Why SVM?: When we have 2 categories in your dataset but no obvious linear classifier that separates them in a nice way we use support vector machines (SVM) Basically, the support machine transforms the given data from lower dimensional space to higher dimensional space to find the maximum marginal classifier (decision boundary) to classify them.
Explanation It starts with Bias Variance Trade-off in any classification problem or ML problem.
Taking an example of a 1-dimensional dataset e.g.Obess vs not Obsess wrt to the only weight of the person. Here we can choose the best threshold to classify those. But how do we choose the best threshold which separates the dataset properly?
To solve this dilemma we find maximum margins from both the classes and put the threshold which is called Maximum Margin Classifier. Basically a margin is the distance between to nearest observations.
The major drawback of Maximum Margin Classifier is they are very sensitive to any outlier which is close to the boundary of the other class. To mitigate this problem we must allow misclassification while choosing the decision boundary. This is what we called bias-variance trade-ff.
So when we allow the misclassifications, the distance between the observations and the threshold is called Soft Margin. How do we know which is best soft margin?
The answer is Cross Validation. That is nothing but try on your validation dataset using this given threshold.
We use these soft margins to determine the thresholds we are using a soft margin classifier aka Support Vector Classifier.
Support Vector are the observations in the training data which lie within the soft margin are called support vectors.

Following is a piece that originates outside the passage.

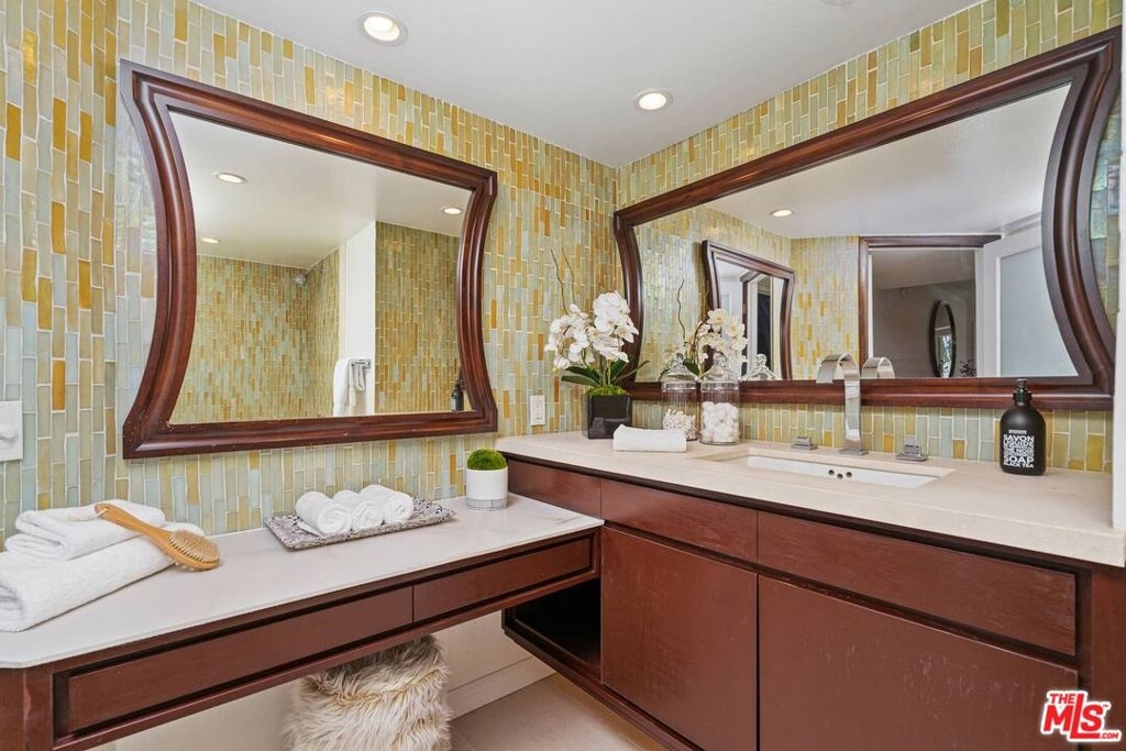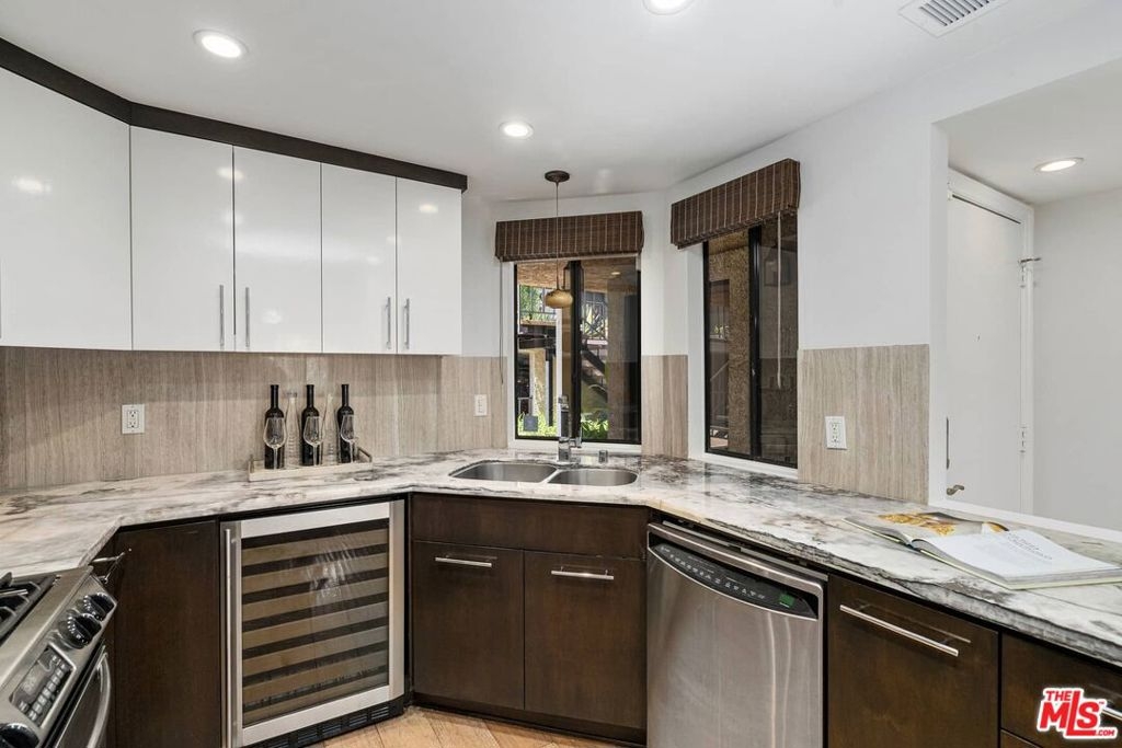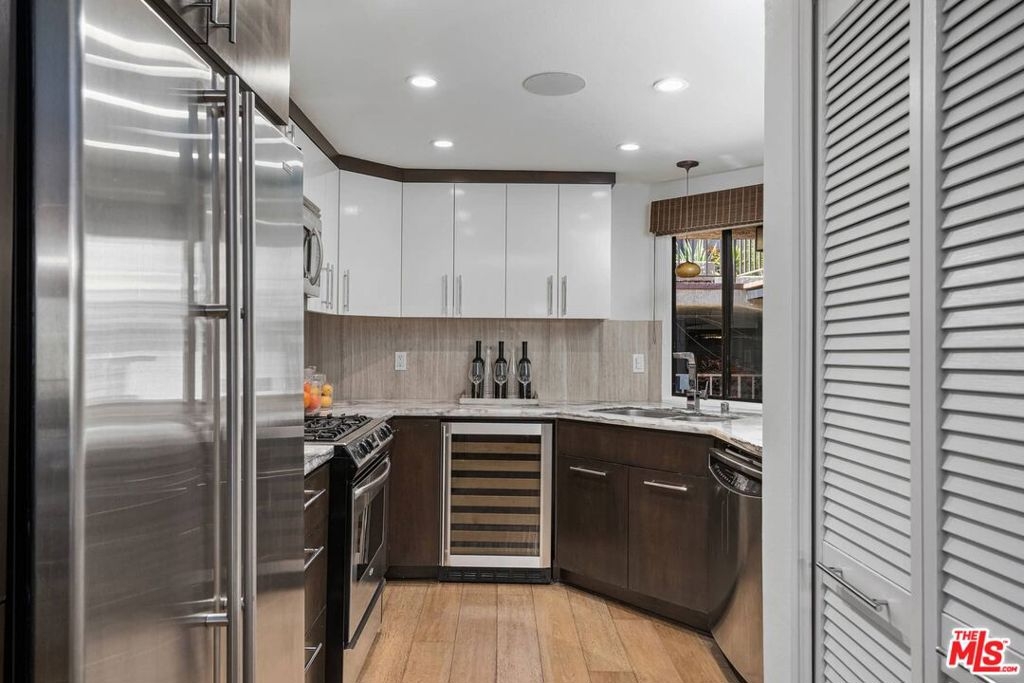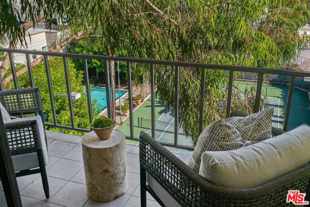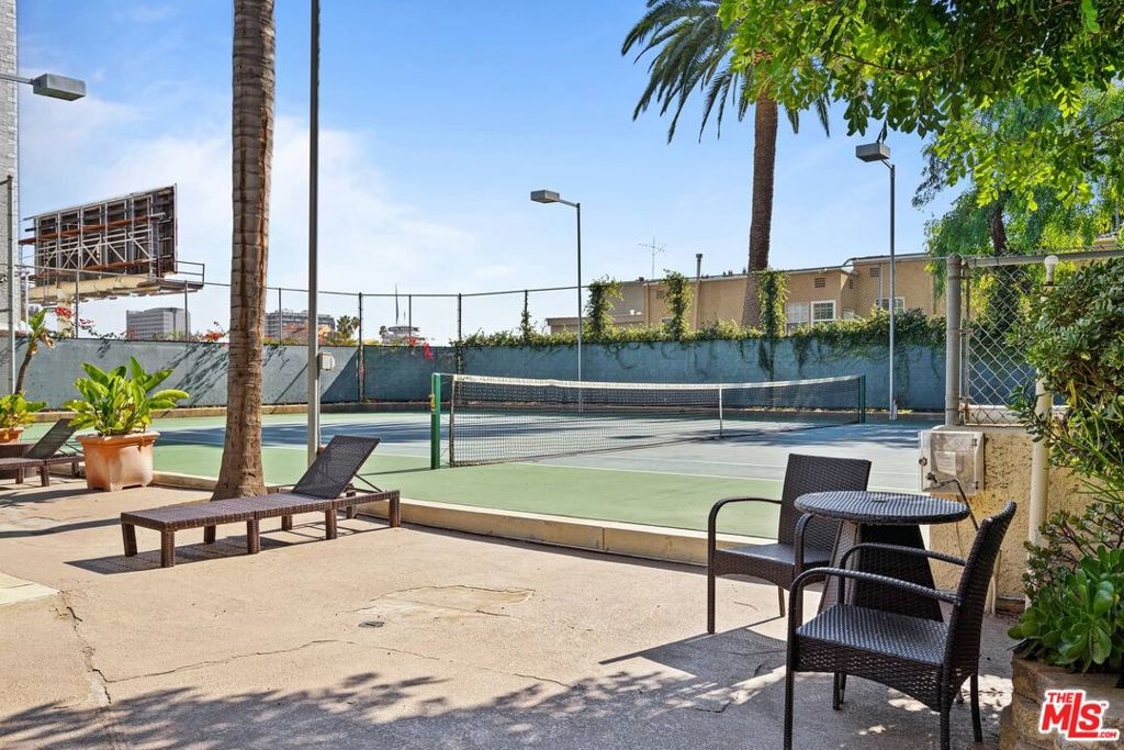 Resort living in the heart of Hollywood! Nestled in the hills adjacent to Whitley Heights, this small 32 unit complex has big amenities - Tennis Court, Racket Ball Court, Gym, Pool, Hot Tub. The well-appointed 2 BR + 2 BA condo features a living room with wood floors, fireplace, and balcony with views of Hollywood. Additionally, there's a kitchen with onyx countertops, gas stove, wine refrigerator, and washer/dryer. The primary suite has a walk-in closet and a spacious bath with spa tub, plus the secondary bedroom has a built-in Murphy bed. There are two side by side gated parking spots with elevator access, multiple guest spots, shared storage, and HOA earthquake insurance. Best of all, this convenient location is close to all - Cahuenga restaurants, shops, and nightlife, as well as major TV and film studios, Runyon Canyon, Pantages Theater, and The Hollywood Bowl!

Properties of support Vector: When we have our observations in 1 dimensional then support vector classifier is a Point When the dataset is 2-dimensional then the support vector classifier is a 1-D line. When the dataset is 3-dimensional then support vector classifier is plane or 2-D plane. When we have higher dimensional we have support vectors as hyperplanes.

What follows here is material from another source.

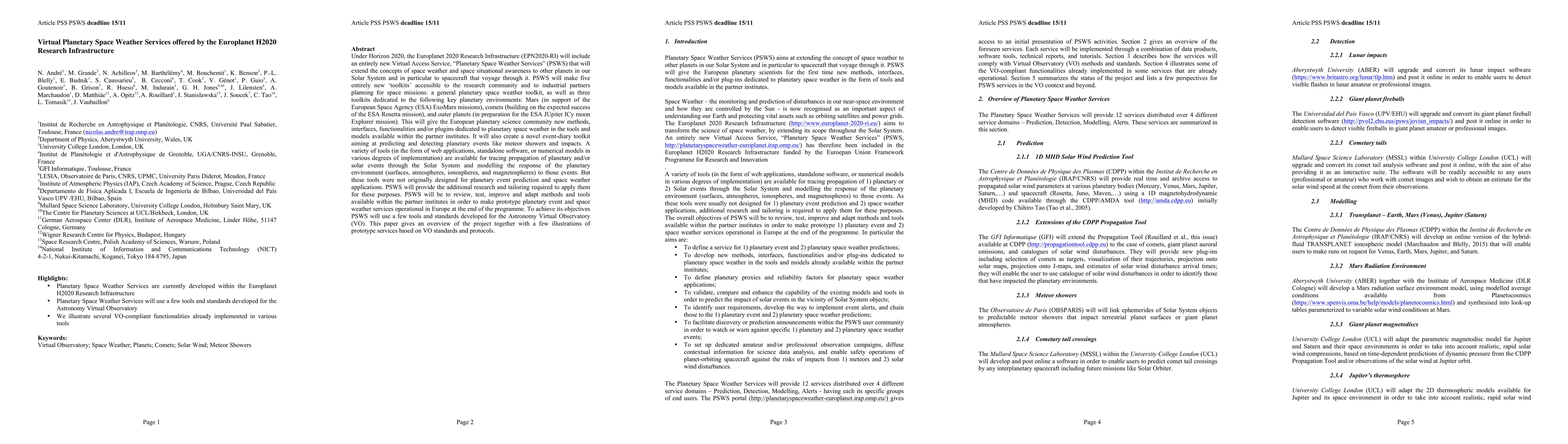The Europlanet 2020 Research Infrastructure will include new Planetary Space Weather Services (PSWS) that will extend the concepts of space weather and space situational awareness to other planets in our Solar System and in particular to spacecraft that voyage through it. PSWS will make five entirely new toolkits accessible to the research community and to industrial partners planning for space missions: a general planetary space weather toolkit, as well as three toolkits dedicated to the following key planetary environments: Mars, comets, and outer planets. This will give the European planetary science community new methods, interfaces, functionalities and/or plugins dedicated to planetary space weather in the tools and models available within the partner institutes. It will also create a novel event-diary toolkit aiming at predicting and detecting planetary events like meteor showers and impacts. A variety of tools are available for tracing propagation of planetary and/or solar events through the Solar System and modelling the response of the planetary environment (surfaces, atmospheres, ionospheres, and magnetospheres) to those events. But these tools were not originally designed for planetary event prediction and space weather applications. PSWS will provide the additional research and tailoring required to apply them for these purposes. PSWS will be to review, test, improve and adapt methods and tools available within the partner institutes in order to make prototype planetary event and space weather services operational in Europe at the end of the programme. To achieve its objectives PSWS will use a few tools and standards developed for the Astronomy Virtual Observatory (VO). This paper gives an overview of the project together with a few illustrations of prototype services based on VO standards and protocols.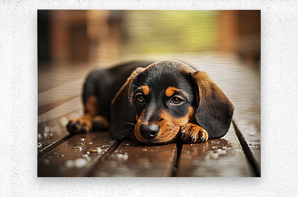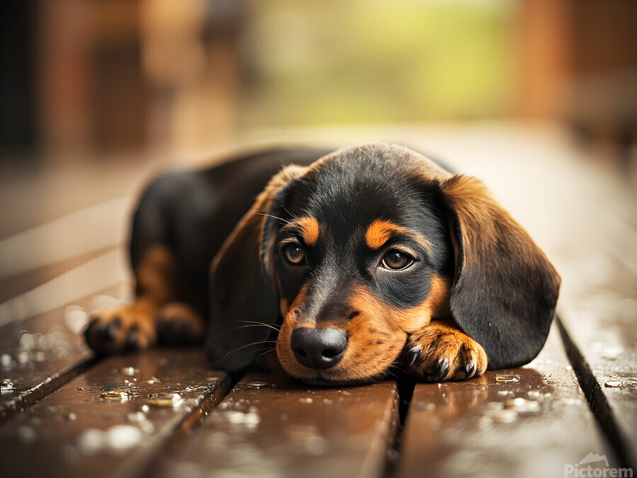 SUR CETTE OEUVRE: HAPPY DACHSHUND PUPPY AS STORM CLEARS WITH RAINBOW

Support vectors are pretty cool as:
- They can handle basic outliers
- They can handle overlapping observations
BUT if the dataset contains a lot of overlap or difficult to separate the dataset in a given dimension, then no matter where we put our classifier we might get a lot of misclassification, THEN we use Support Vector Machine.
The basic institution is we transform the dataset into some higher-order function called Kernel functions then apply the classifier into that dimension to form a classifier boundary or Decision bounday. For eg: let say we have a lot of overlapping dataset into 1-D space where maximum margin classifier and support vector classifier fails. We may transform this dataset to at least 2-D space using a simple squared function (a simple Kernel function) for all the observation then we use apply maximum margin classifier to find the decision boundary.
The main ideas of SVM:
- Start with data in relatively low dimensional
- Move the data into a higher dimension
- Find the support vector classifier which classifies the data set into 2 groups
That's it!!!
How do we choose any particular Kernel Function? I think it depends on the application and dataset complexity. To make the transform mathematically possible the classifier uses to transform it wrt to each observation points against others and then it is used to find the decision boundary.

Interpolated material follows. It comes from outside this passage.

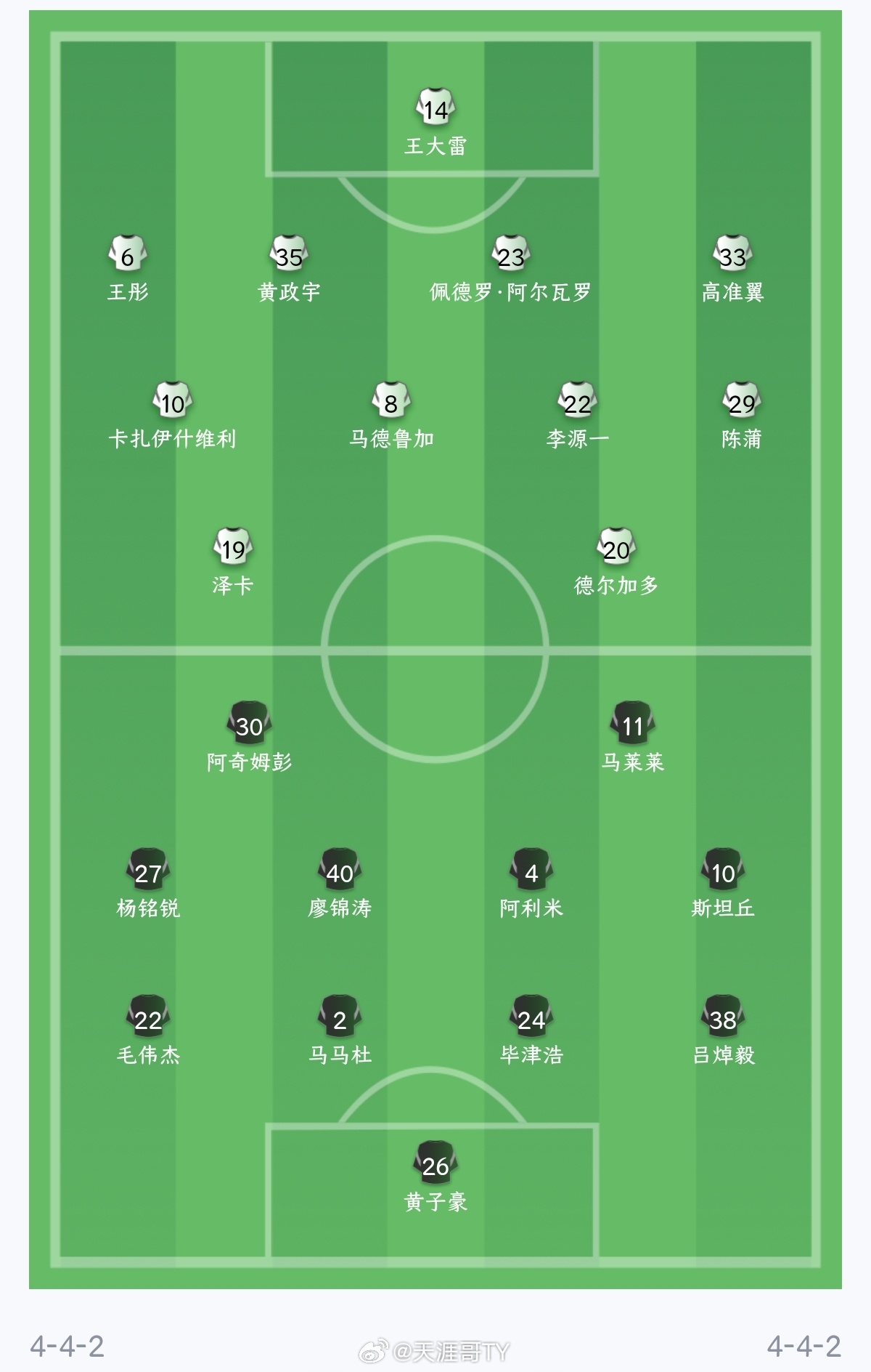 卡扎伊什维利/泽卡/马德鲁加/佩德罗·阿尔瓦罗/李源一/陈蒲/黄政宇/高准翼/王彤/德尔加多/王大雷首发。克雷桑没进大名单?什么情况兄弟们?山东泰山

Note: another commonly used kernel is Radial Bais Kernel . Radial Basis Kernel finds the support vecotr classifier in infinite dimensions. I don't have more details about this kernel function as of now.
The Kernel Trick basically kernel function does not transform the complete dataset into a higher dimension because sometime it might overshoot the amount of computation and memory required to do so. Thus, the kernel trick reduces the computations by avoiding the math that transforms the data from low to high dimensions and it makes calculating relationships in the infinite dimensions used by Radial Bias Kernel to compute the bset classifier in infinite space.